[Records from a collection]

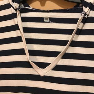 Hooded Gap Women’s V-Neck Striped Shirt • large
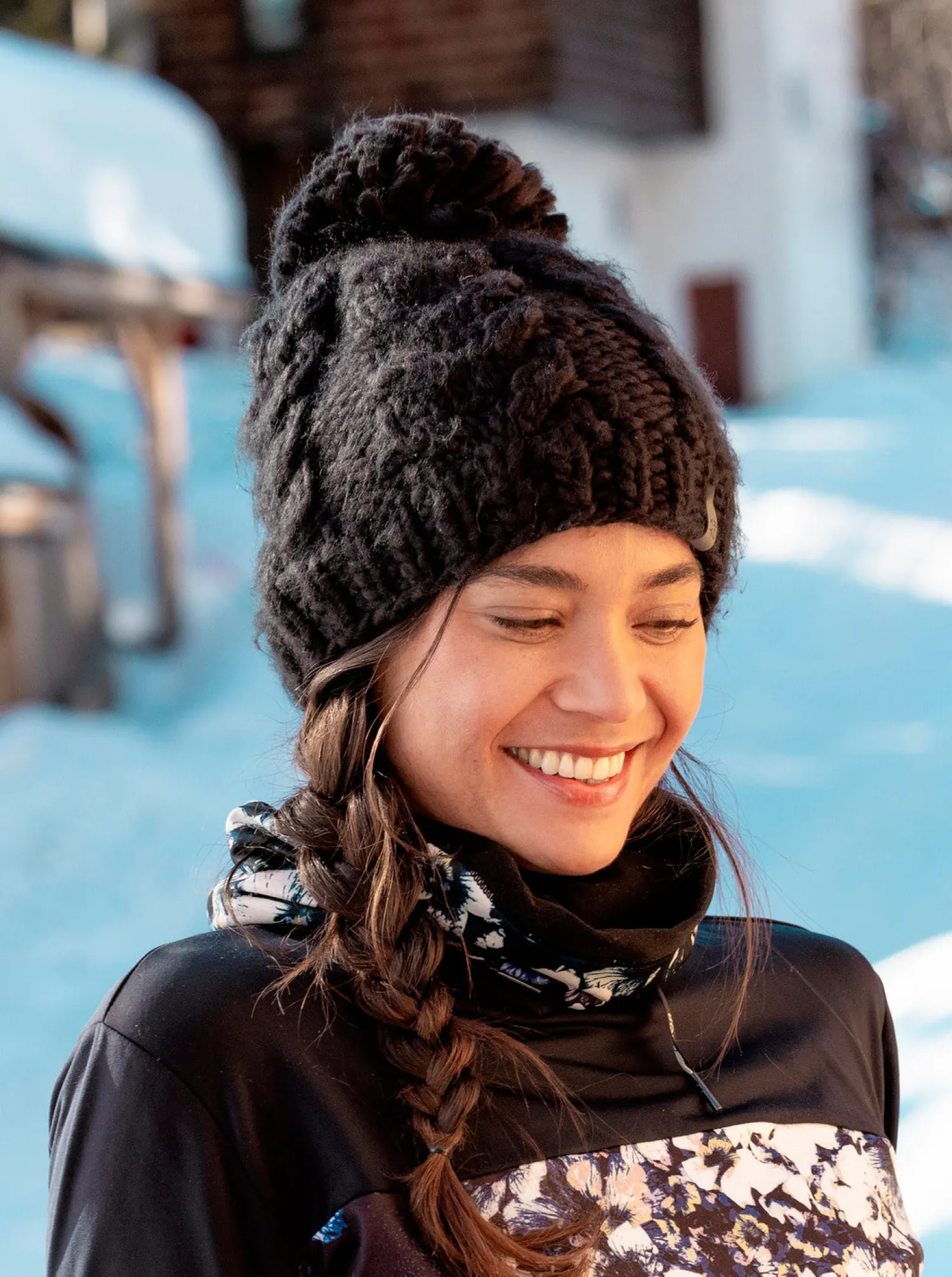 The Winer Beanie by ROXY goes classic in a chunky cable-knit design with a pom-pom adding a playful touch. This cold-weather cap features a polar-fleece inner band to protect your ears from the cold. Featured here in the True Black colorway.
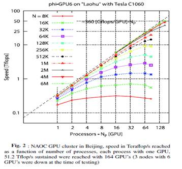9月20日,随着GPU集群再次开放使用,标志着国家天文台GPU集群的升级改造工作正式完成。经过多天紧张的施工调试,老虎集群的59个节点全部装上了新购置的K20卡。同时,其它26个节点的GPU卡增加至3块,并将全部驱动升级为CUDA5.0新版本。升级后GPU集群的理论单精度总性能达280T FLOPS。经过对集群性能进行近一个月的测试,升级工作完全达到预期效果(升级前后性能对比如下图1、2所示)。现在一块GPU卡的加速性能是原来单卡速度的4倍,而单卡的能耗更低,这将进一步促进我台绿色集群、绿色机房的建设,促进计算天文学的发展。
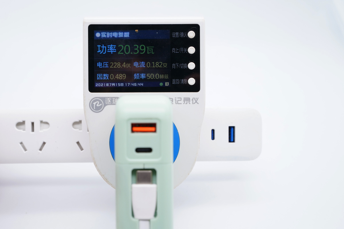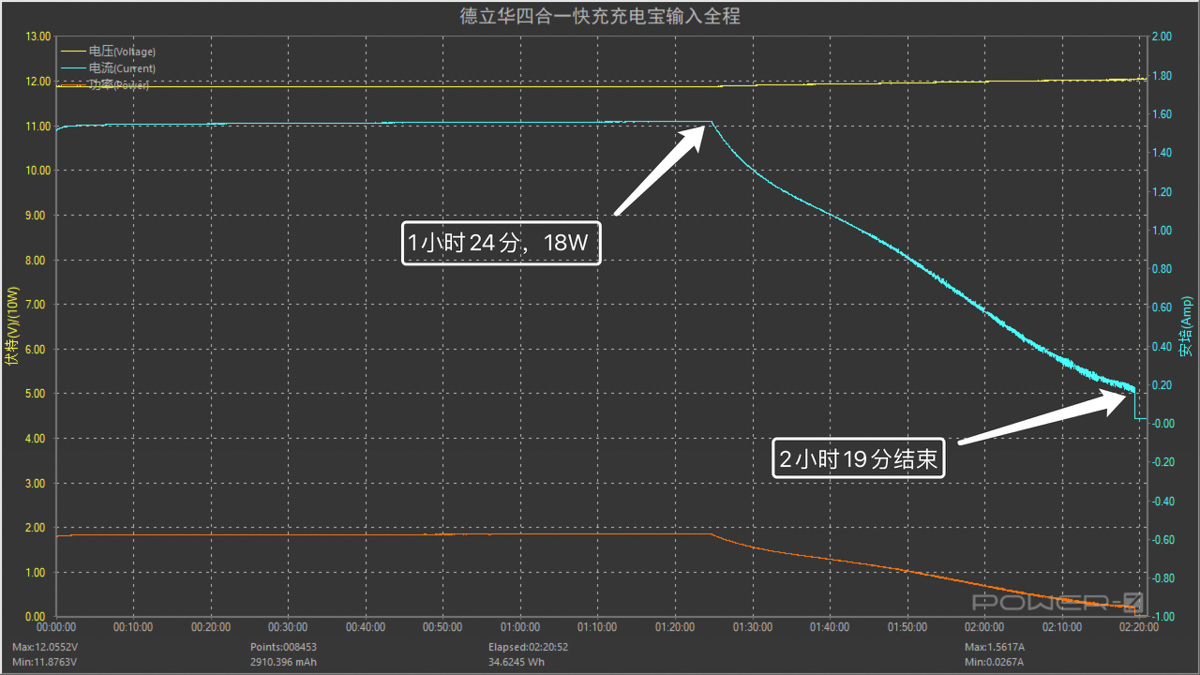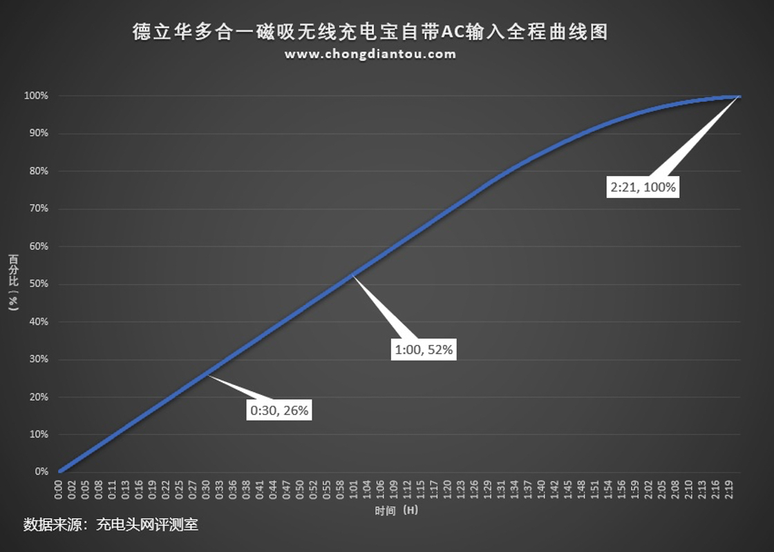 这是使用功率计采集的通过自带的AC插脚为自身恢复电量的全程曲线图,可以看到德立华多合一磁吸无线充电宝完全充满电需要2小时21分,和通过USB-C输入的时间差不多。
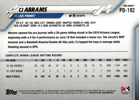 CJ Abrams 2020 Topps Pro Debut #PD-192
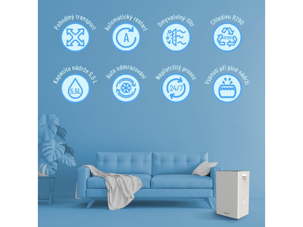 Tento odvlhčovač vzduchu je nejen účinným nástrojem proti nadměrné vlhkosti, ale také přináší mnoho dalších výhod – zabraňuje vzniku plísní, urychluje sušení prádla a omezuje nepříjemné pachy. Díky jeho schopnosti eliminovat nečistoty v ovzduší také napomáhá při dýchacích obtížích a vytváří zdravější a čistější prostředí ve vašem domově.
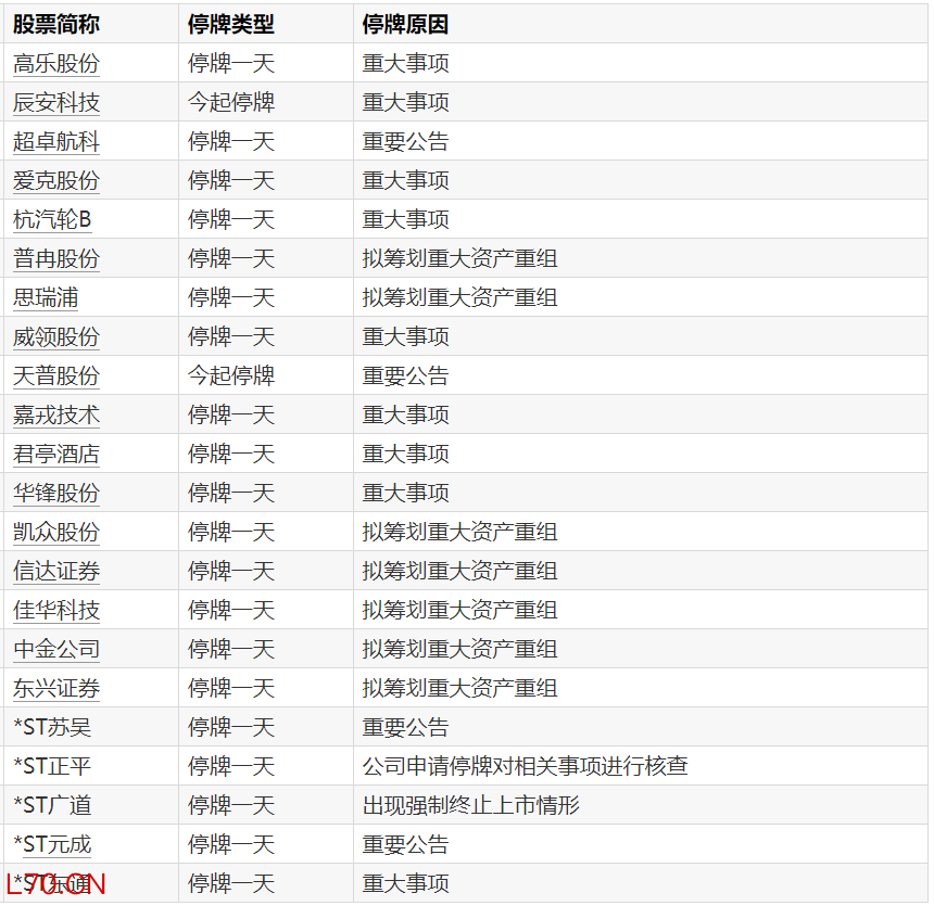 A股停牌提示:22股今日停牌
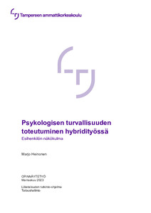 Opinnäytetyössä selvitettiin psykologisen turvallisuuden toteutumista etäpainotteisessa hybridityössä. Selvitystyö tehtiin isolle kansainväliselle yritykselle, joka halusi pysyä työssä anonyyminä. Kohteena oleva työyhteisö koostuu asiantuntijoista ja aiheeseen perehdyttiin esihenkilön näkökulmasta.
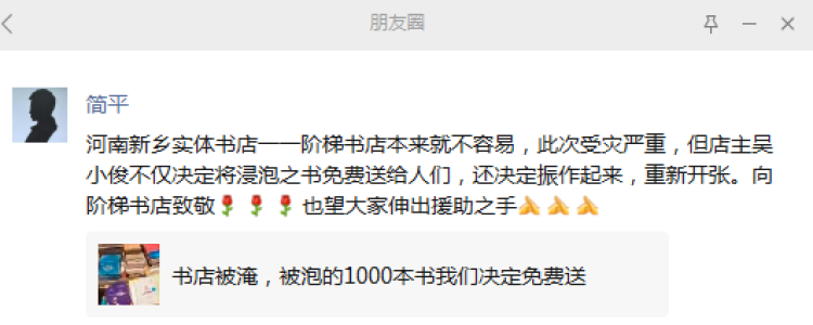 得知消息之后,上海作家简平老师迅速通过朋友圈转发了阶梯书店的自救计划,并得到了不少文化界同仁的点赞响应。简平老师在接受记者采访时表示:“实体书店本来就不容易,此次受灾严重,但店主吴小俊不仅决定将浸泡之书免费送给人们,还决定振作起来,重新开张。向阶梯书店致敬,也望大家伸出援助之手!”
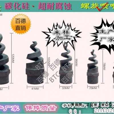 碳化硅螺旋喷嘴工作原理,螺旋喷嘴是众多喷嘴中**有特色的一种。随着连续变小的螺旋体,浆液不断经螺旋线相切和碰撞后改变方向成片状喷射成同心轴状锥体,不同层椎体喷射面流线与喷嘴轴心的夹角逐层减小,而且液体在从进入喷嘴腔体到出口的通道内均没有受到任何阻碍。且在很低的操作压力下仍具有很高的吸收效率,获得了脱硫系统的普遍认可。
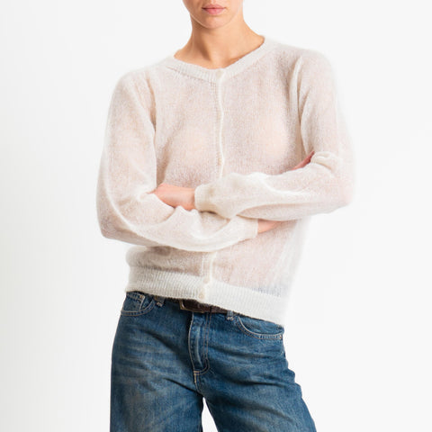 Tensione in-Cardigan rebecchina girocollo mohair garzato - latte
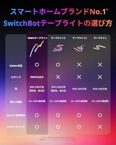 SwitchBot RGBIC LEDテープライト アレクサ Matter対応 - スイッチボット 間接照明 RGB ライト 1600万色 高輝度 電球色 昼白色 昼光色 マルチカラー 無段階 調光調色 Wi-Fi Bluetoothに対応 5m 切断可能 PUコーティング Alexa Google Home Siriに対応 クリスマス 飾り 国内発送
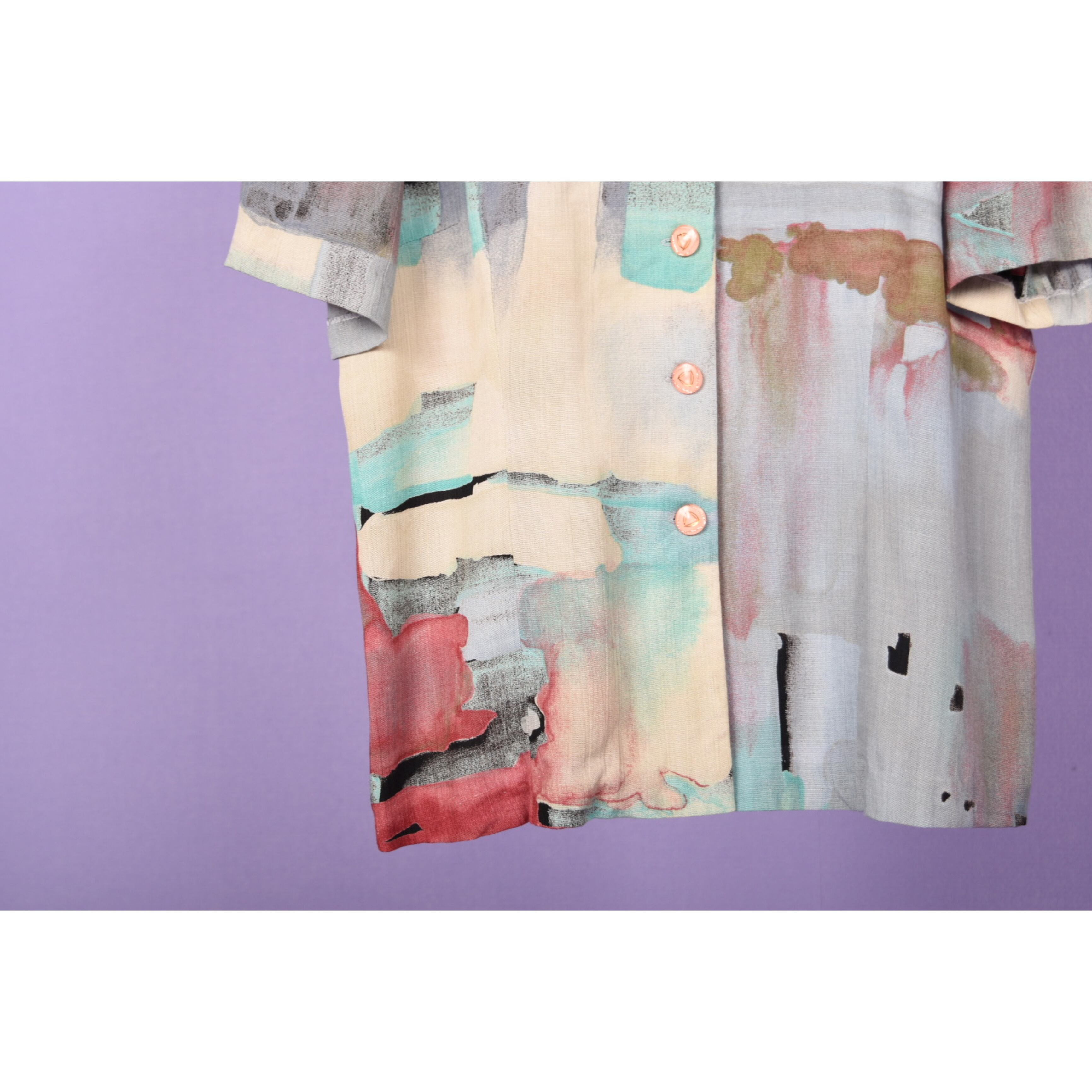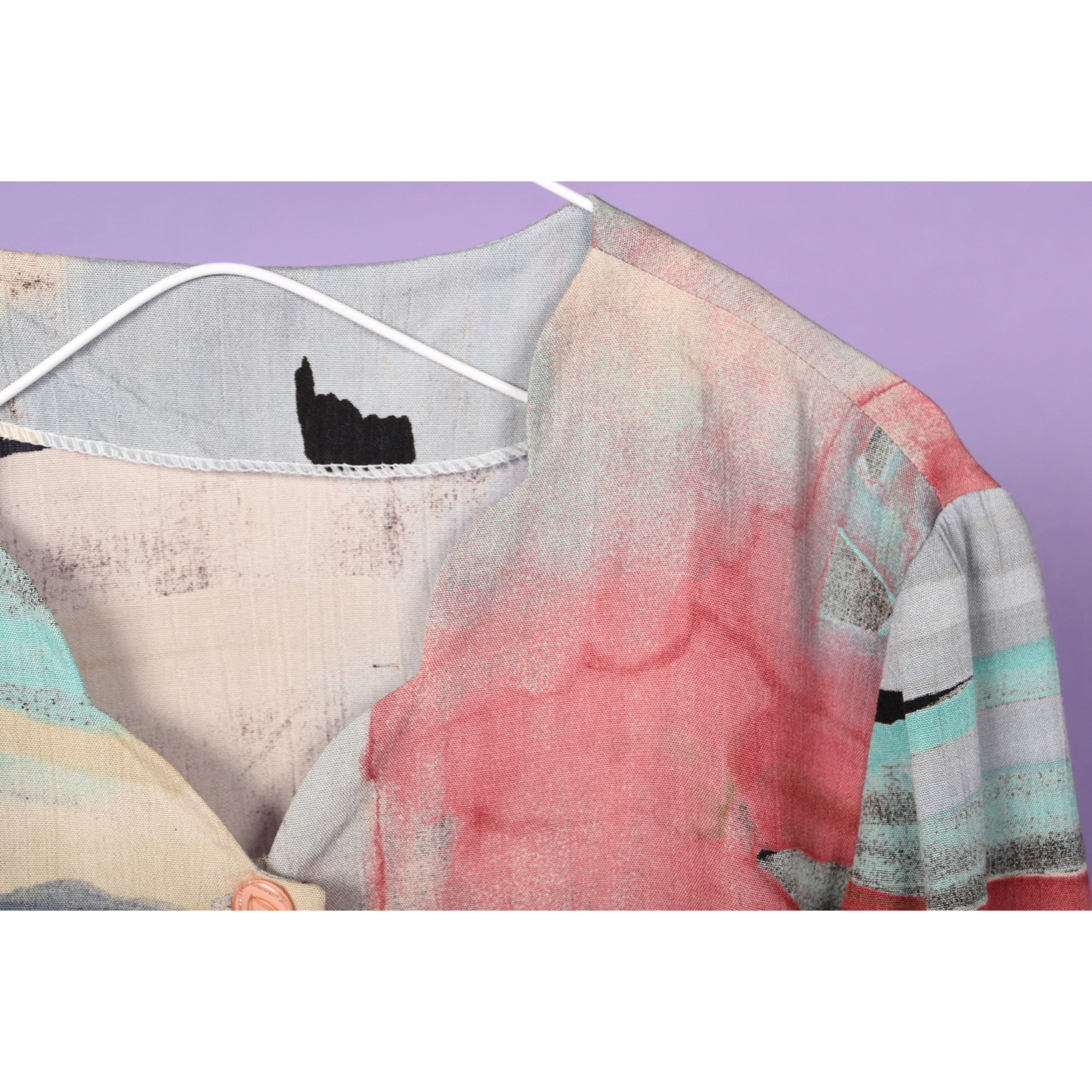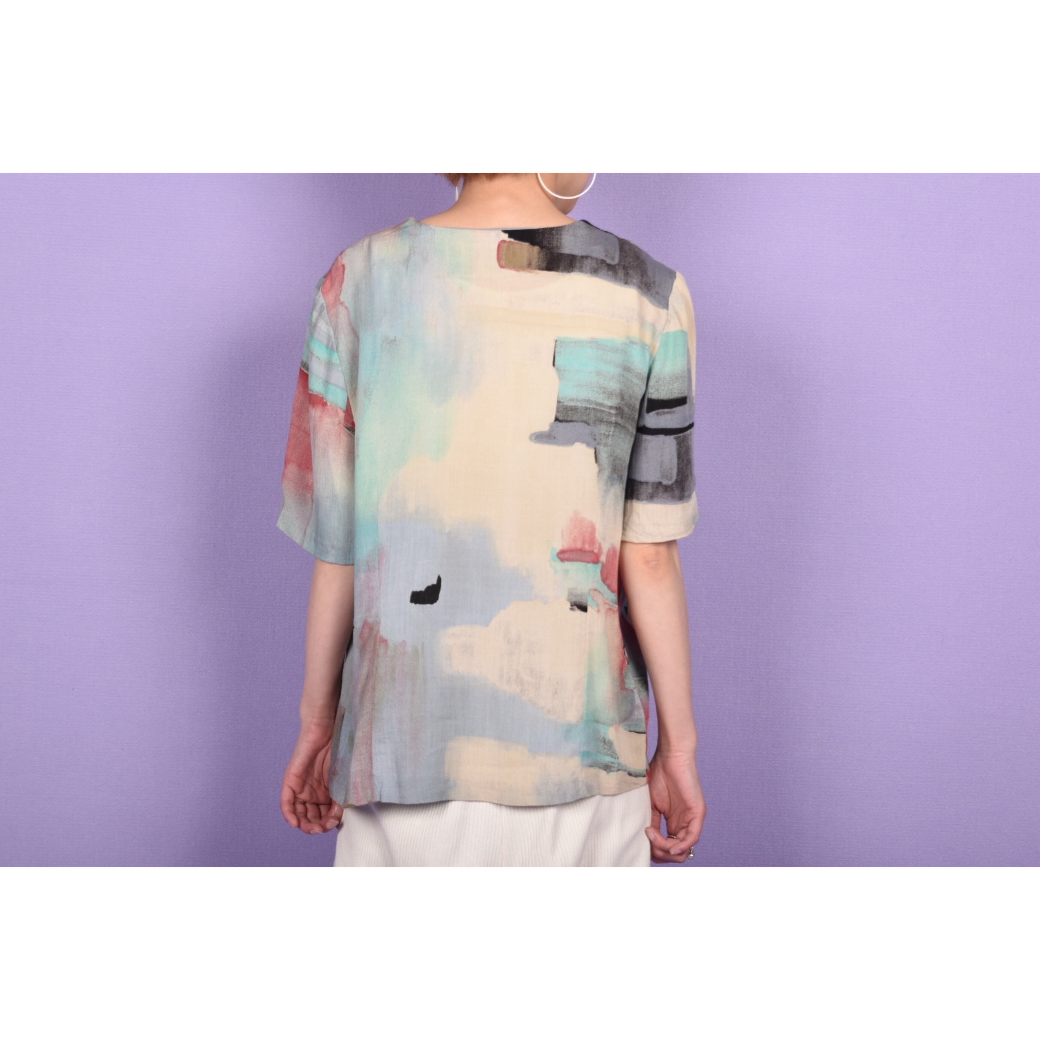 ネックのカッティングデザインが面白いノーカラーブラウスです。鮮やかな配色の水彩画のようなプリント柄が美しいです。レーヨン素材なので、さらりと快適で、夏にぴったりな着心地です。

> [What the exercise asks] Could you output the lines above exactly, with no pictures included?

> [Answer box]
 Hooded Gap Women’s V-Neck Striped Shirt • large
 The Winer Beanie by ROXY goes classic in a chunky cable-knit design with a pom-pom adding a playful touch. This cold-weather cap features a polar-fleece inner band to protect your ears from the cold. Featured here in the True Black colorway.
9月20日,随着GPU集群再次开放使用,标志着国家天文台GPU集群的升级改造工作正式完成。经过多天紧张的施工调试,老虎集群的59个节点全部装上了新购置的K20卡。同时,其它26个节点的GPU卡增加至3块,并将全部驱动升级为CUDA5.0新版本。升级后GPU集群的理论单精度总性能达280T FLOPS。经过对集群性能进行近一个月的测试,升级工作完全达到预期效果(升级前后性能对比如下图1、2所示)。现在一块GPU卡的加速性能是原来单卡速度的4倍,而单卡的能耗更低,这将进一步促进我台绿色集群、绿色机房的建设,促进计算天文学的发展。
 这是使用功率计采集的通过自带的AC插脚为自身恢复电量的全程曲线图,可以看到德立华多合一磁吸无线充电宝完全充满电需要2小时21分,和通过USB-C输入的时间差不多。
 CJ Abrams 2020 Topps Pro Debut #PD-192
 Tento odvlhčovač vzduchu je nejen účinným nástrojem proti nadměrné vlhkosti, ale také přináší mnoho dalších výhod – zabraňuje vzniku plísní, urychluje sušení prádla a omezuje nepříjemné pachy. Díky jeho schopnosti eliminovat nečistoty v ovzduší také napomáhá při dýchacích obtížích a vytváří zdravější a čistější prostředí ve vašem domově.
 A股停牌提示:22股今日停牌
 Opinnäytetyössä selvitettiin psykologisen turvallisuuden toteutumista etäpainotteisessa hybridityössä. Selvitystyö tehtiin isolle kansainväliselle yritykselle, joka halusi pysyä työssä anonyyminä. Kohteena oleva työyhteisö koostuu asiantuntijoista ja aiheeseen perehdyttiin esihenkilön näkökulmasta.
 得知消息之后,上海作家简平老师迅速通过朋友圈转发了阶梯书店的自救计划,并得到了不少文化界同仁的点赞响应。简平老师在接受记者采访时表示:“实体书店本来就不容易,此次受灾严重,但店主吴小俊不仅决定将浸泡之书免费送给人们,还决定振作起来,重新开张。向阶梯书店致敬,也望大家伸出援助之手!”
 碳化硅螺旋喷嘴工作原理,螺旋喷嘴是众多喷嘴中**有特色的一种。随着连续变小的螺旋体,浆液不断经螺旋线相切和碰撞后改变方向成片状喷射成同心轴状锥体,不同层椎体喷射面流线与喷嘴轴心的夹角逐层减小,而且液体在从进入喷嘴腔体到出口的通道内均没有受到任何阻碍。且在很低的操作压力下仍具有很高的吸收效率,获得了脱硫系统的普遍认可。
 Tensione in-Cardigan rebecchina girocollo mohair garzato - latte
 SwitchBot RGBIC LEDテープライト アレクサ Matter対応 - スイッチボット 間接照明 RGB ライト 1600万色 高輝度 電球色 昼白色 昼光色 マルチカラー 無段階 調光調色 Wi-Fi Bluetoothに対応 5m 切断可能 PUコーティング Alexa Google Home Siriに対応 クリスマス 飾り 国内発送
 ネックのカッティングデザインが面白いノーカラーブラウスです。鮮やかな配色の水彩画のようなプリント柄が美しいです。レーヨン素材なので、さらりと快適で、夏にぴったりな着心地です。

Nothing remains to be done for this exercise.